• _DATA EXTRACT_
:::::
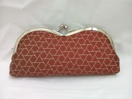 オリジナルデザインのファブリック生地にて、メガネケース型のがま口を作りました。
:::::
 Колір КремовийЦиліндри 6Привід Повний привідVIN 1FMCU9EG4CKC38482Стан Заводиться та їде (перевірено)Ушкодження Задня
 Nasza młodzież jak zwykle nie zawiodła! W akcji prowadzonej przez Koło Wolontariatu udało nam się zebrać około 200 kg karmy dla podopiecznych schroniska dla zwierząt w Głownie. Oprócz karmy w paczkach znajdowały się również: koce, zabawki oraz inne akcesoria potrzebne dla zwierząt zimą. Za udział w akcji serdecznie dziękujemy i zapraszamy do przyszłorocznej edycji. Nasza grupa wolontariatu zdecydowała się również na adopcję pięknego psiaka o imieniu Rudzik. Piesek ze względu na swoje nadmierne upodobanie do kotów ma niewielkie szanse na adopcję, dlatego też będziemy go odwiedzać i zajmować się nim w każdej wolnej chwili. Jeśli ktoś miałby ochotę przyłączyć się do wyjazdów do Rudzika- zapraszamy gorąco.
:::::
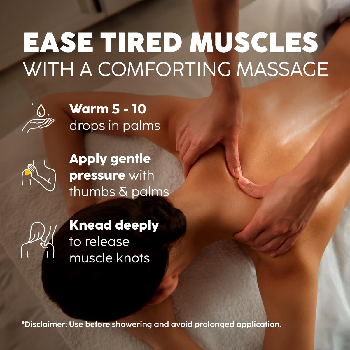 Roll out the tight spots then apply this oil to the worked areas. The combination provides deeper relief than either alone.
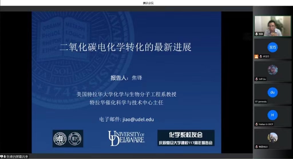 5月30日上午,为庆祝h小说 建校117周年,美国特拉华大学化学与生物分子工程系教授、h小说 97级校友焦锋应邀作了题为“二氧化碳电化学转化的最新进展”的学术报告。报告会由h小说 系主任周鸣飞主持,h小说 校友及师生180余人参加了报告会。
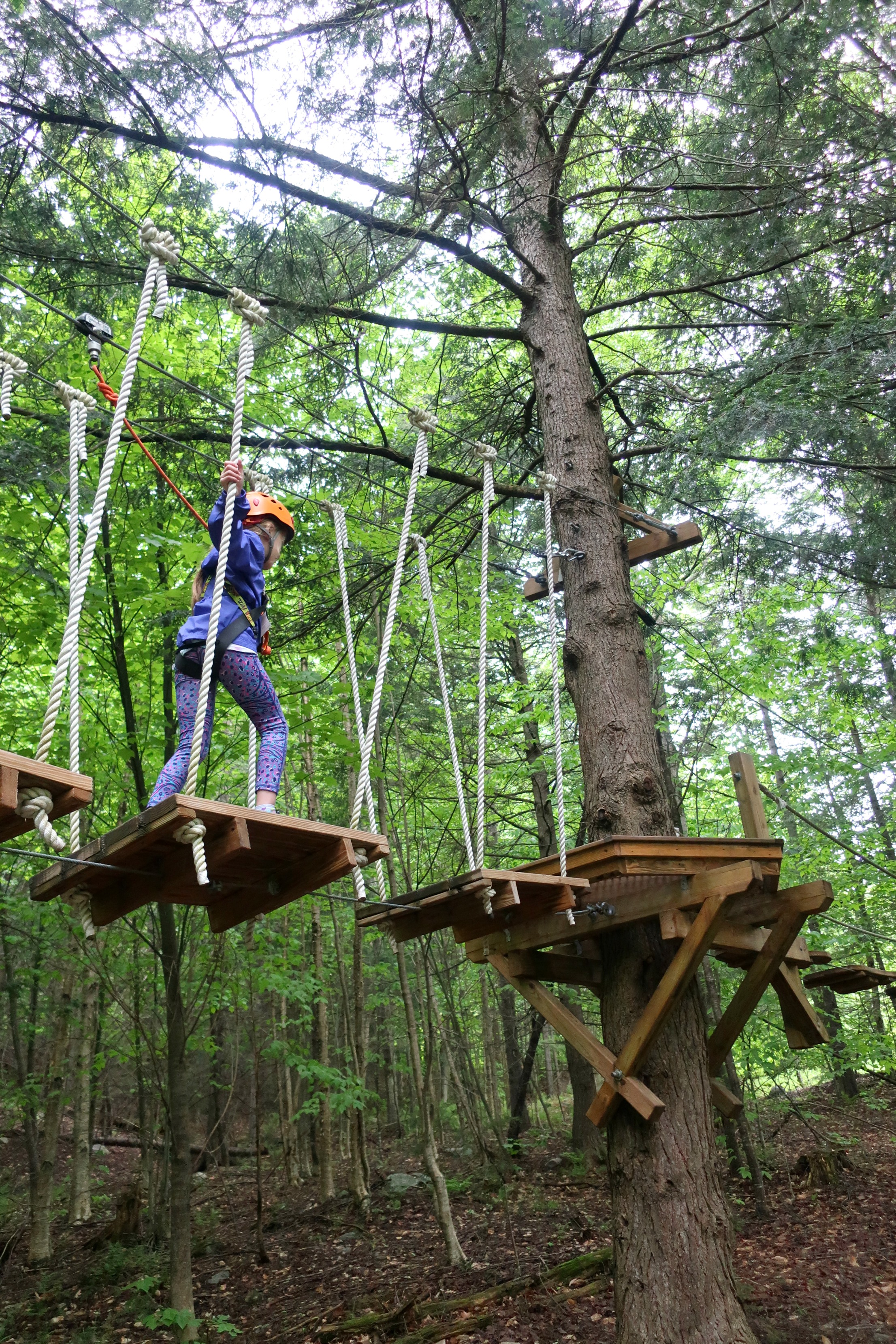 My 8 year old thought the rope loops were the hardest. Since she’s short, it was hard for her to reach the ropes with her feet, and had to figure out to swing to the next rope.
:::::
• _WHAT YOU SHOULD DO_
Going by the entries above, repeat exactly the lines that start at the line with "Roll out the" and go on through the line with "My 8 year old". Pictures are not part of the copy.

• _SOLUTION FOR THIS EXERCISE_
 Roll out the tight spots then apply this oil to the worked areas. The combination provides deeper relief than either alone.
 5月30日上午,为庆祝h小说 建校117周年,美国特拉华大学化学与生物分子工程系教授、h小说 97级校友焦锋应邀作了题为“二氧化碳电化学转化的最新进展”的学术报告。报告会由h小说 系主任周鸣飞主持,h小说 校友及师生180余人参加了报告会。
 My 8 year old thought the rope loops were the hardest. Since she’s short, it was hard for her to reach the ropes with her feet, and had to figure out to swing to the next rope.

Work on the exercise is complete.